THE PROBLEM
The pictures in the listing below are to be skipped, while the lines between the line holding "Cụ thể, Nhà" and the line holding "Sonderstempel aus Hamm", inclusive, are to be output exactly.

DATA FOR PROCESSING
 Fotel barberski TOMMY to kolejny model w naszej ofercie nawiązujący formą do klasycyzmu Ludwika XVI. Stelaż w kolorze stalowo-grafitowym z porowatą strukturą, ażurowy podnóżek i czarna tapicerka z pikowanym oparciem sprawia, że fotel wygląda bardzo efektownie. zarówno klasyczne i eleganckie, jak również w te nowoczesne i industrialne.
==
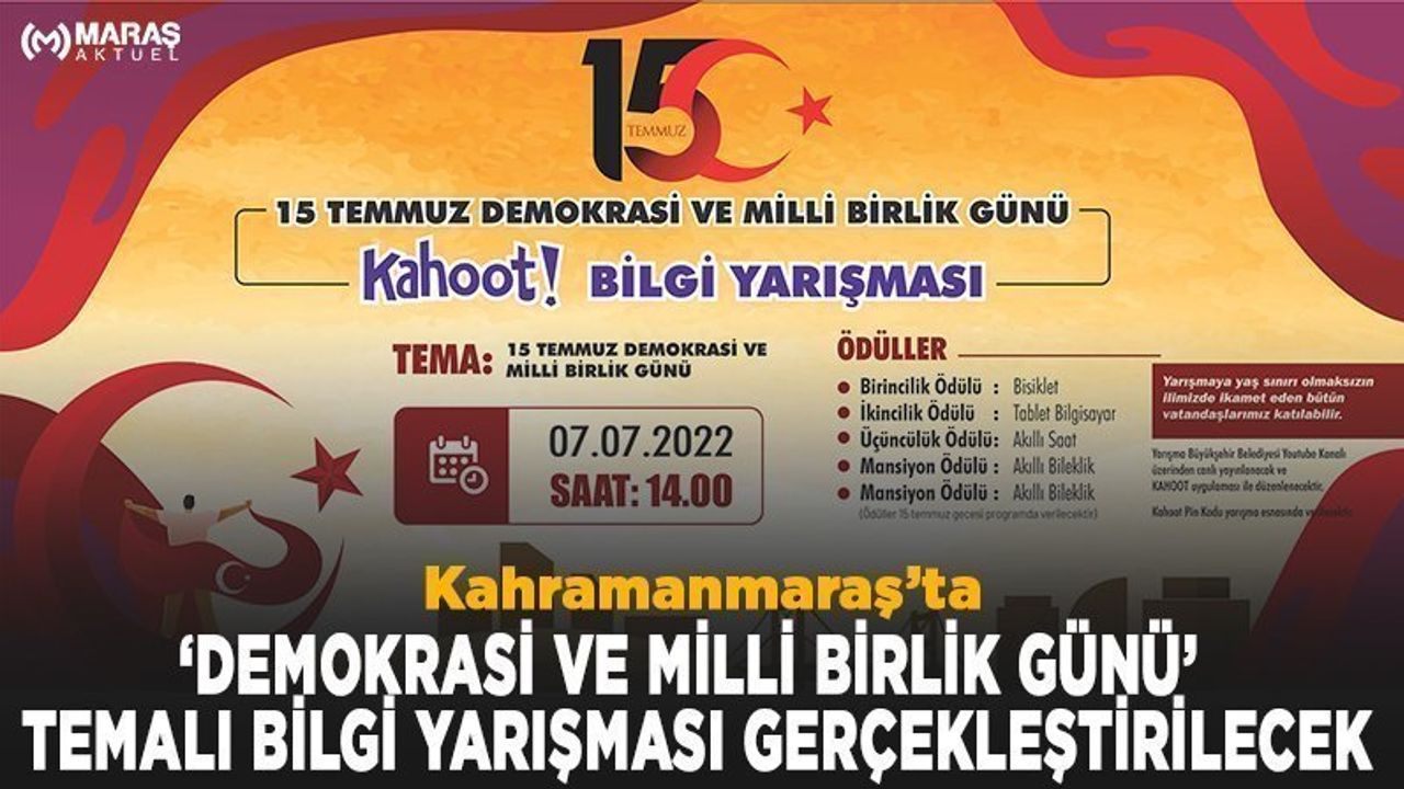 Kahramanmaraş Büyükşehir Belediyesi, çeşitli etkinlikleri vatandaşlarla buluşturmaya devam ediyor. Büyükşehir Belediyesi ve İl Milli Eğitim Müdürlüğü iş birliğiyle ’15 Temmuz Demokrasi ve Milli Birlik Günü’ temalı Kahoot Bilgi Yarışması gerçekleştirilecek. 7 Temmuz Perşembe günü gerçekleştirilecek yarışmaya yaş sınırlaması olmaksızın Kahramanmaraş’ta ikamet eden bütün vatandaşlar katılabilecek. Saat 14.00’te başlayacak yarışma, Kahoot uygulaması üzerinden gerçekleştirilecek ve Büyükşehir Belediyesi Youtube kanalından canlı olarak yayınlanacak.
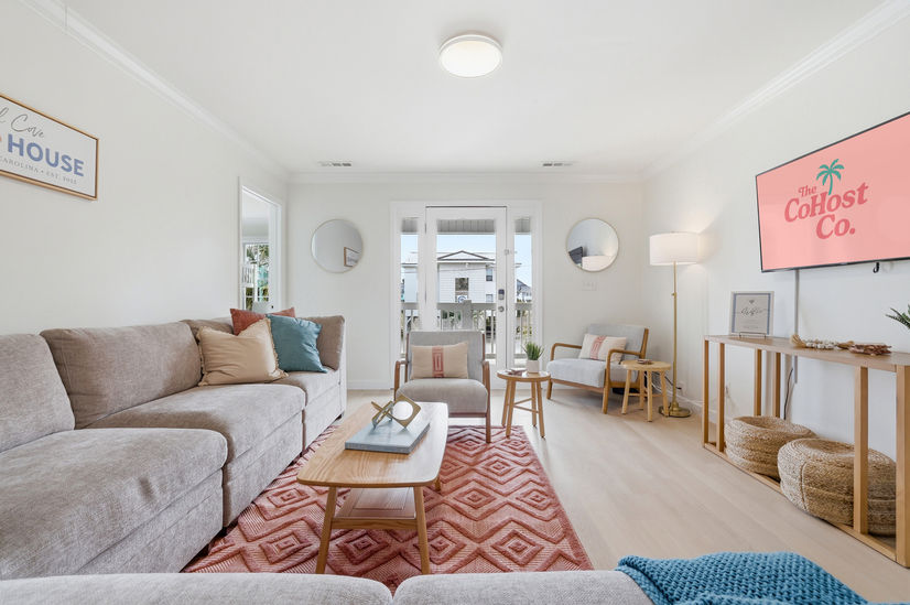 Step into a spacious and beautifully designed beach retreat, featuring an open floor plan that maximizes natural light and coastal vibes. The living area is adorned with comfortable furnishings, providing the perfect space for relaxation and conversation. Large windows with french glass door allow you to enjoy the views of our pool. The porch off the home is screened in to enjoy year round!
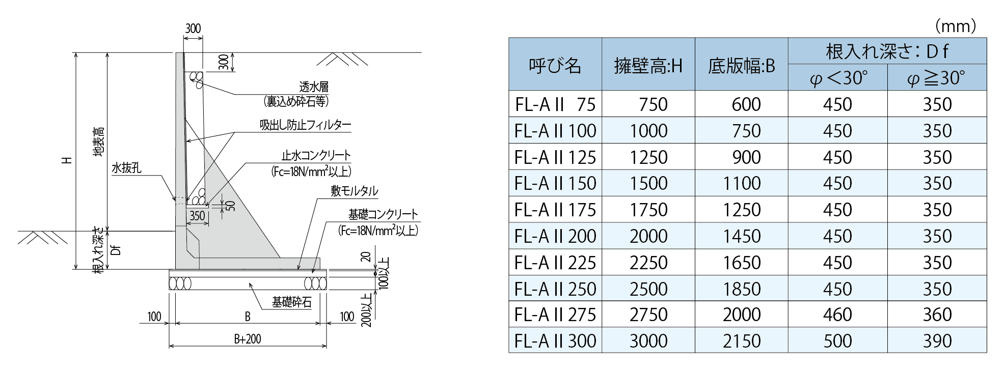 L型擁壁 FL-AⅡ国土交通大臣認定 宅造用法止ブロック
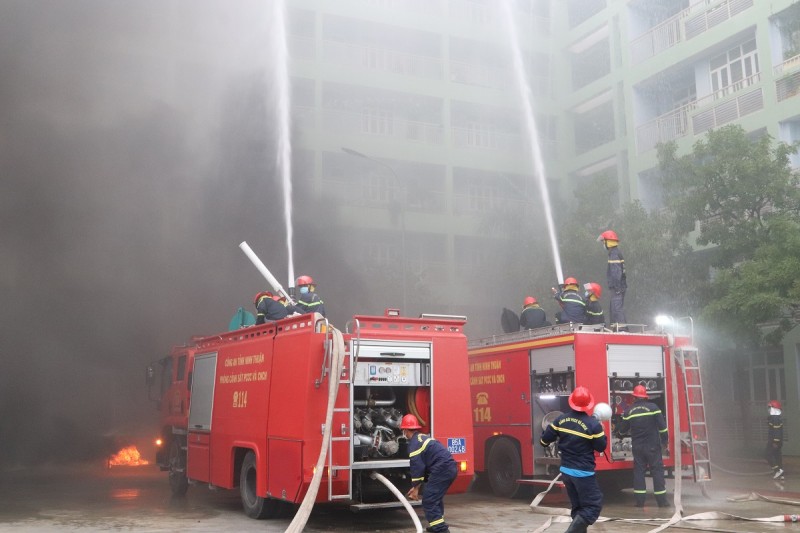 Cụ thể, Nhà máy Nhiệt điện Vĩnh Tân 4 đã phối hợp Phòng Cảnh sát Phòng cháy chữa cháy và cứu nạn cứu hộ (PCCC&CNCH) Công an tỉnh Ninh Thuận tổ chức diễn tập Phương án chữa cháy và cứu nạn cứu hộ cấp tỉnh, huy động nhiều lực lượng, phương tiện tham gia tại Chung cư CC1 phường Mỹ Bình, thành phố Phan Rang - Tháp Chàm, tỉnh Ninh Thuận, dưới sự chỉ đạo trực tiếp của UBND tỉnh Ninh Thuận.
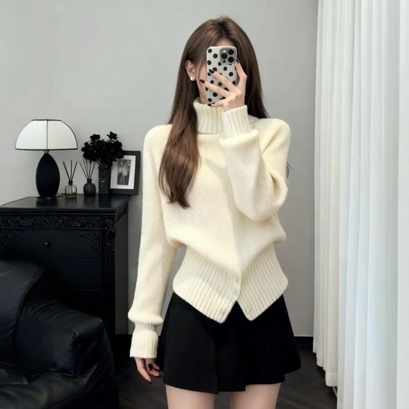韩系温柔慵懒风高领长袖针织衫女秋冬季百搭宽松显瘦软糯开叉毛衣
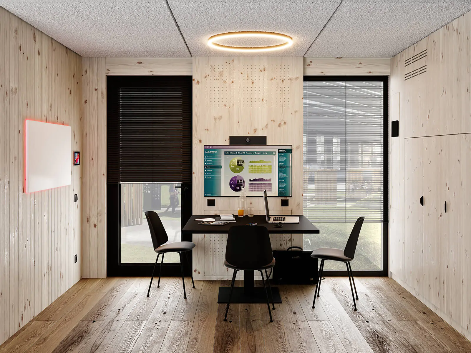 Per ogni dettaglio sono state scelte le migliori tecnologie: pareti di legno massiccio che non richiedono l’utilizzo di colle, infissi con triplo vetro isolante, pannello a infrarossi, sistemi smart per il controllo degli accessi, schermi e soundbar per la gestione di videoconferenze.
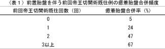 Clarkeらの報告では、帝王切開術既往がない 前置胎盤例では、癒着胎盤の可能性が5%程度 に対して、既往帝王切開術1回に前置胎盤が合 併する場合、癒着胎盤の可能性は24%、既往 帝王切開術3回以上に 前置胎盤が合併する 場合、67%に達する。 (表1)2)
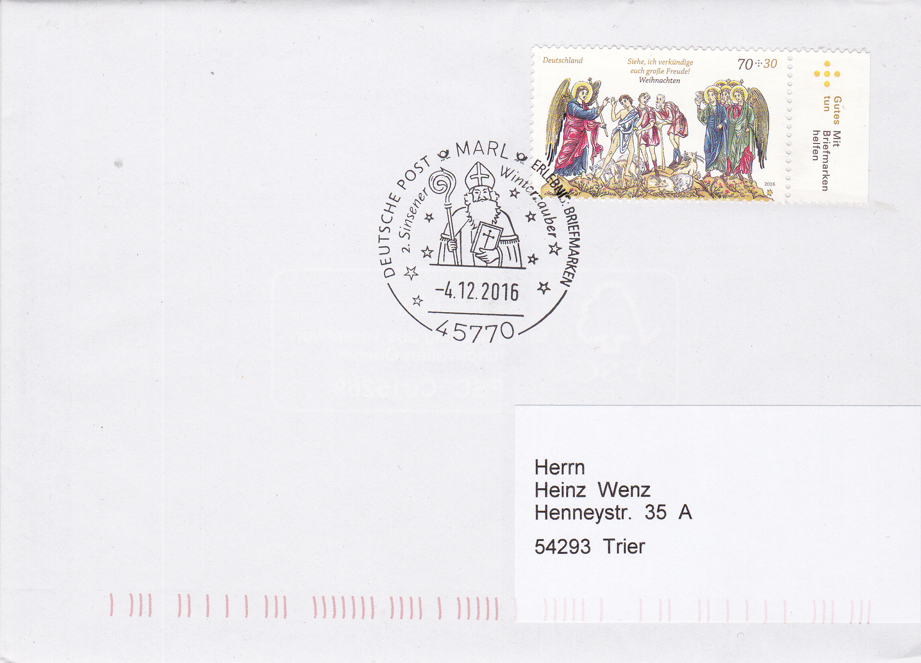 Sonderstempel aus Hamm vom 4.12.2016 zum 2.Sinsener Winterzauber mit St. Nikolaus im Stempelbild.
* * *
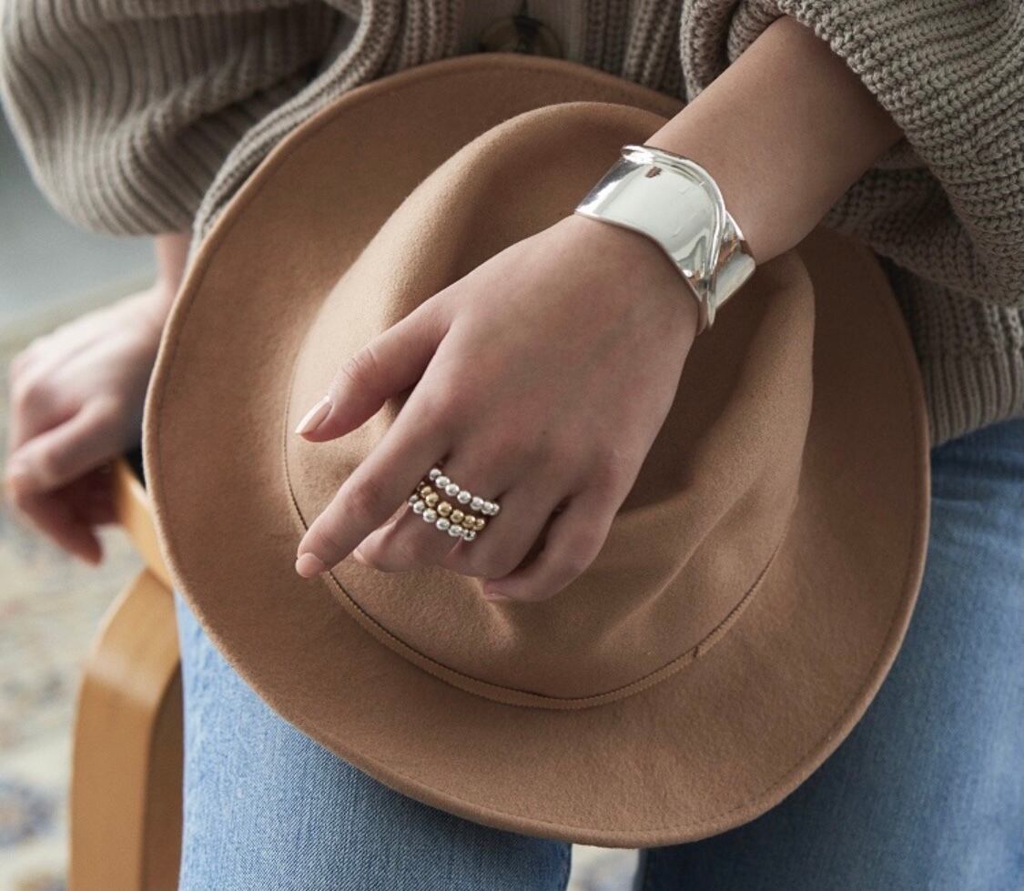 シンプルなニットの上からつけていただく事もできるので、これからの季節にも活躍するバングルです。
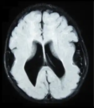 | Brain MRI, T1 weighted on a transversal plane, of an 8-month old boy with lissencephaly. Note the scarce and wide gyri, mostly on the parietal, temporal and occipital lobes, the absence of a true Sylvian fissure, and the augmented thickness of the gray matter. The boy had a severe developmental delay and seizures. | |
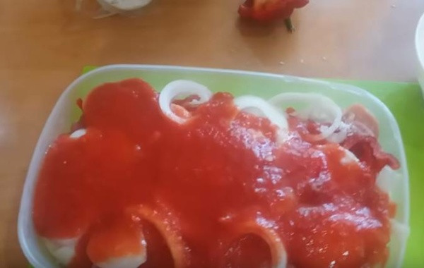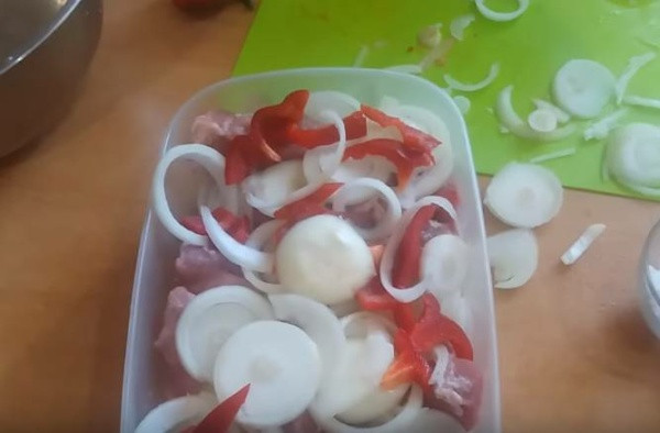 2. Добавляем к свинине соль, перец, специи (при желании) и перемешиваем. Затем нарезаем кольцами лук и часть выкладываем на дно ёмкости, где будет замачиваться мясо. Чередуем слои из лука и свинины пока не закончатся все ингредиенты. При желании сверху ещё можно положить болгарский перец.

EXERCISE RESPONSE
 Cụ thể, Nhà máy Nhiệt điện Vĩnh Tân 4 đã phối hợp Phòng Cảnh sát Phòng cháy chữa cháy và cứu nạn cứu hộ (PCCC&CNCH) Công an tỉnh Ninh Thuận tổ chức diễn tập Phương án chữa cháy và cứu nạn cứu hộ cấp tỉnh, huy động nhiều lực lượng, phương tiện tham gia tại Chung cư CC1 phường Mỹ Bình, thành phố Phan Rang - Tháp Chàm, tỉnh Ninh Thuận, dưới sự chỉ đạo trực tiếp của UBND tỉnh Ninh Thuận.
韩系温柔慵懒风高领长袖针织衫女秋冬季百搭宽松显瘦软糯开叉毛衣
 Per ogni dettaglio sono state scelte le migliori tecnologie: pareti di legno massiccio che non richiedono l’utilizzo di colle, infissi con triplo vetro isolante, pannello a infrarossi, sistemi smart per il controllo degli accessi, schermi e soundbar per la gestione di videoconferenze.
 Clarkeらの報告では、帝王切開術既往がない 前置胎盤例では、癒着胎盤の可能性が5%程度 に対して、既往帝王切開術1回に前置胎盤が合 併する場合、癒着胎盤の可能性は24%、既往 帝王切開術3回以上に 前置胎盤が合併する 場合、67%に達する。 (表1)2)
 Sonderstempel aus Hamm vom 4.12.2016 zum 2.Sinsener Winterzauber mit St. Nikolaus im Stempelbild.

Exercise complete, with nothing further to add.